- City: Truro, Nova Scotia
- League: Nova Scotia Senior Hockey League
- Operated: 1985-1998
- Home arena: Colchester Legion Stadium
- Colours: Black, Yellow, and White
- General manager: Larry Anthony, Jim Foley
- Head coach: John Kibyuk

= Truro Bearcats (senior) =

The Truro Bearcats were a Canadian Senior ice hockey team from Truro, Nova Scotia. The Bearcats were the 1998 Allan Cup Canadian National champions of Senior hockey.

==History==
In 1998, the Truro Bearcats became only the second team from Nova Scotia to win the Allan Cup.

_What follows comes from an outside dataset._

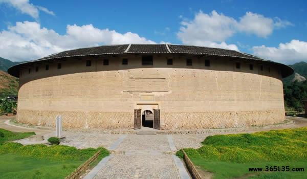 二宜樓:這座被譽(yù)為"國之瑰寶"的圓土樓,座落在華安縣仙都鎮(zhèn)大地村。仙都、大地,這是多么富有詩意的名字,其實(shí)二宜樓就是人間天堂的一座民居,就是中華大地的一顆璀璨明珠。 二宜樓依山傍水,樓后峰巒疊嶂,近處山丘綿延,猶如蜈蚣緩緩爬行(風(fēng)水先生稱之為"蜈蚣吐珠地");兩條清澈的小溪在樓前交匯后,直奔西南而去。青山綠水,與黃墻黑瓦交相輝映,小橋、樓閣、翠竹、村舍點(diǎn)綴其間,渾然一體,正是"宜山宜水"的一派旖旎風(fēng)光。樓內(nèi)祖廳便有一對柱楹,專門概述這一景觀:"倚杯石而為屏,四峰拱峙集邃閣;對龜山以作案,二水瀠洄萃高樓。" 所謂宜山宜水,其實(shí)還隱寓樓主蔣仕熊排行第二,又是第二次擇地,才選中這蜈蚣吐珠穴位,其得意之情溢于言表。在族人的傳說里,蔣仕熊年輕時(shí)是個(gè)種田能手,他身材高大,體格健壯,臂力超人,能使一把廿四斤重的大刀,可惜他人才超群,卻遲遲未能成家,說是犯了"孤鸞命",注定一輩子打光棍。族人背地里取笑他說:"無某(妻)無猴,鎖匙掛褲頭。"他一氣之下出走他鄉(xiāng),到安溪、漳平等地開墾荒田幾百畝。不久,他遇到了一個(gè)魏氏姑娘,兩人婚配后,生了六個(gè)兒子。蔣仕熊晚年衣錦返鄉(xiāng),開始投巨資建樓,由于操勞過度,他在二宜樓尚未建成時(shí)便不幸逝世,他的六個(gè)兒子、十七個(gè)孫子繼承遺志,艱苦努力,終于在清乾隆35年(1770年)把大樓建成。

The Bearcats started off the 1997-98 season by announcing that the team would cease operation to help make way for the upstart Truro Bearcats Junior "A" team after twelve years of operation. For their final year, the Canadian Amateur Hockey Association awarded them the right to host the 1998 Allan Cup.

In the first game of the Allan Cup, the Bearcats beat the Powell River Regals 5-1. In their second game, they tied the Ile des Chenes North Stars 1-1. They closed out the round robin with a 5-3 win over the London Admirals. The victory allowed them to finish first in the round robin and advance directly to the Allan Cup final. In front of a hometown crowd, the Bearcats again faced London, beating them soundly 6-1 to win their only ever Allan Cup. This would be the last game ever played by the Bearcats.